If teachers are going to use blogs and wikis in classes, then those impressions need to be modified. And the place to start is helping teachers understand just what a blog is. How it comes to be. I can worry about the specifics of what to teach them, but for now I'm thinking through the pedagogical foundation of why and how it needs to be taught.
That's where my son, age 7, comes in. We've been reading books together lately on the history of baseball. He has taken a real liking to it and enjoys thumbing through some of the coffee table size books that contain numerous pictures and some lengthy descriptions of old time players and teams. He can read and occasionally reads the text to me. However, there were several times he'd come to a page and look at the picture and ask me: "Who's that daddy?" or "What are they doing?" I would point out to him that there is a caption underneath that explained the picture. Read it, I told him, and he could learn about the photo. He didn't really know to do that. Simple lesson.

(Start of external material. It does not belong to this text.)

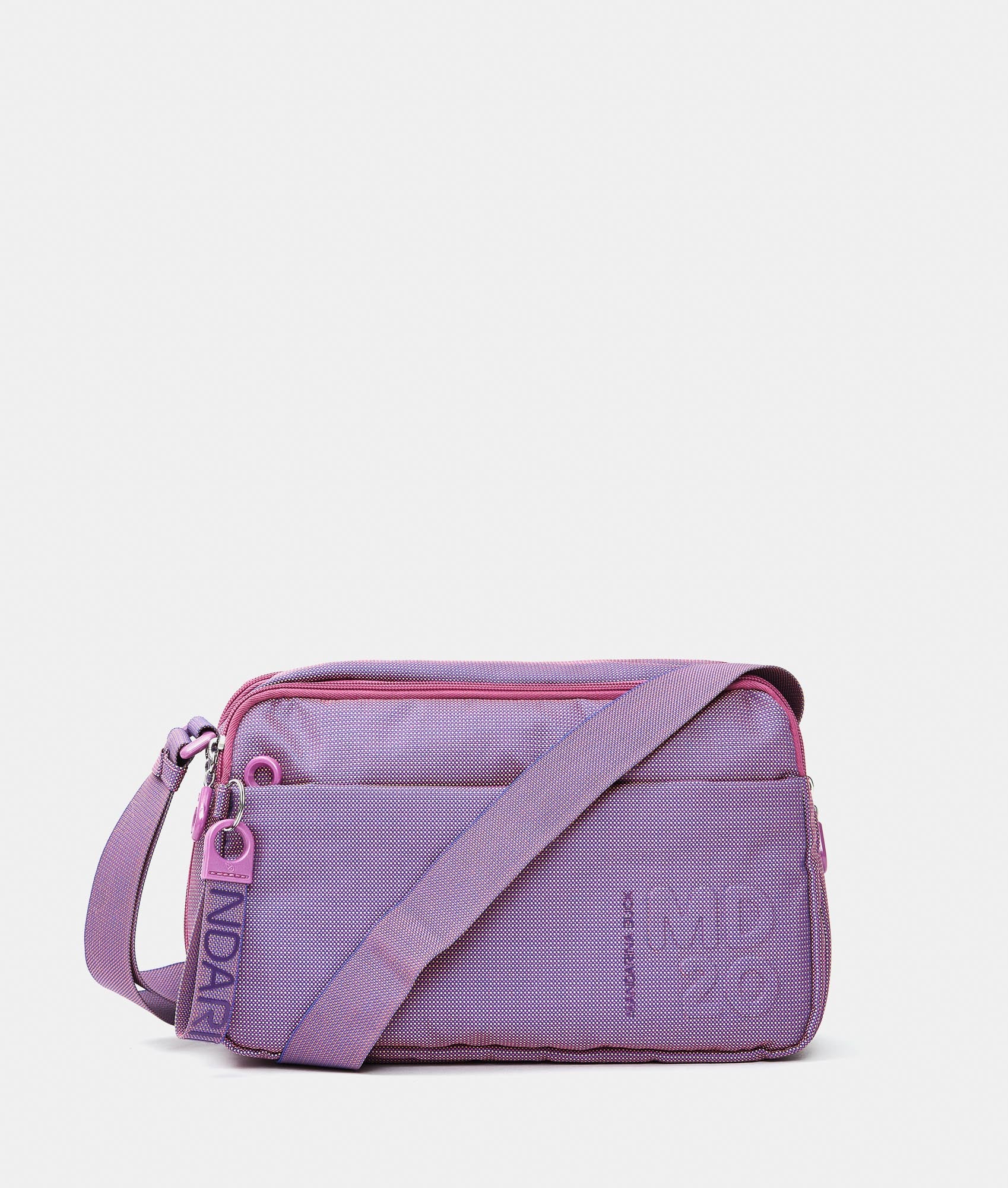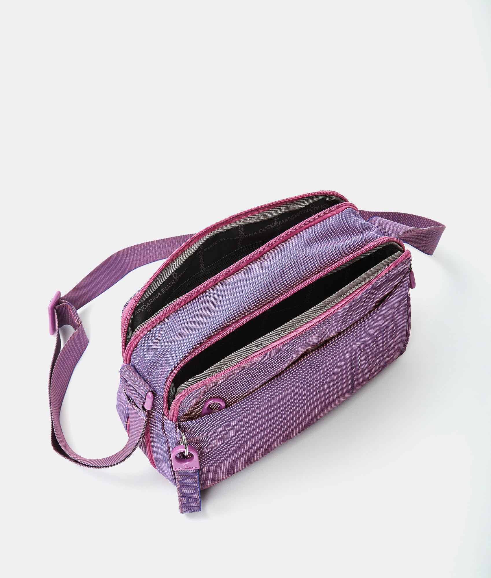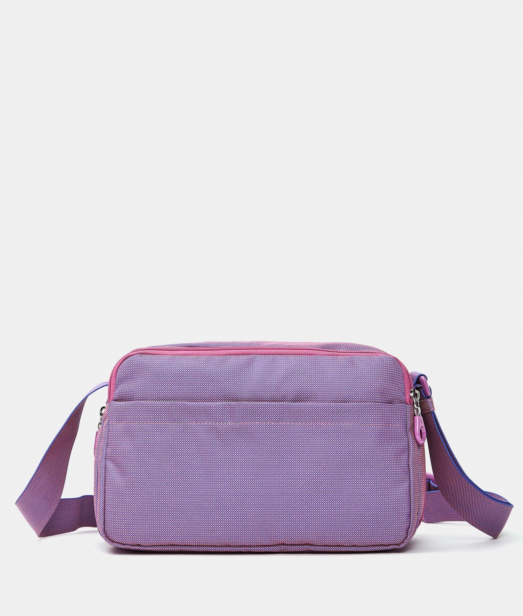 Medium expandable crossbody bag with bottom zip and front pocket in fabric. Dual carry option, smart pockets, personalized details and adjustable jacquard shoulder strap.

It took him a while, and he's still learning. Then it got me thinking. All the books he's read up to now had pictures, but not captions. He regularly reads story books, where any pictures natually complement, or illustrate, the story. A book of baseball history, on the other hand, is non fiction. Both the pictures and the text work together to provide information, and often the photos (with the help of the captions) help tell some piece of the story. To get the most out of the big books we thumb through, he needed to better understand how to read a nonfiction text, figure out the characteristics of that medium. Of course to him, he was simply learning about all the great ballplayers of the past - Ted Williams, Christy Mathewson, and Walter "Big Train" Johnson, which happen to be two of his favorites. (Me, I also like the guy pictured at the top of this space.)
Anyway, that's what I'm thinking about as I work to try and help my colleagues discover the benefits of using things such as blogs and wikis in class. The first step is differentiating what a blog is from what a website is. Based on anecdotal evidence from conversations I've had with teachers, I'm under the impression that posting student writing on a blog is viewed the same way as the idea of creating a class website was 10 years ago. It's a finite undertaking, with a final, concrete product put together at a specific point in the process. That's not a blog. Blogs are more dynamic. They change as the content gets added. They grow as more information and/or ideas are added, both from the writer and readers. Hyperlinks help enhance the reading and writing process. Both teachers and students can - and must - participate in that process of creating content or writing on a blog. There's a not so subtle difference there that is fundamental to understanding the best way to use a blog in a classroom.
Of course that means that reading and comprehensions skills play a prominent role. Anyone reading this blog, for example, would need to know something about me when making a determination about my credibility. That can only be gleaned by reading old posts, viewing information I choose to share on the site. But if I write that Babe Ruth is the greatest player of all time, followed distantly by Ted Williams and then Willie Mays, well you'd have to determine how much to value that in comparison to, say, a columnist from the Sporting News who may hold a contrary view.
But the extension of that idea in a class is that the technology that makes a blog a blog, is what makes it so useful in a class. The same for a wiki. Instantly posting ideas and writing. Leaving comments. Having an easy to access menu of drafts for a piece of writing. Accessibility from almost anywhere. But before you use it in a classroom, you need to better understand it.
This week will be another step in hopefully spreading that word in my school.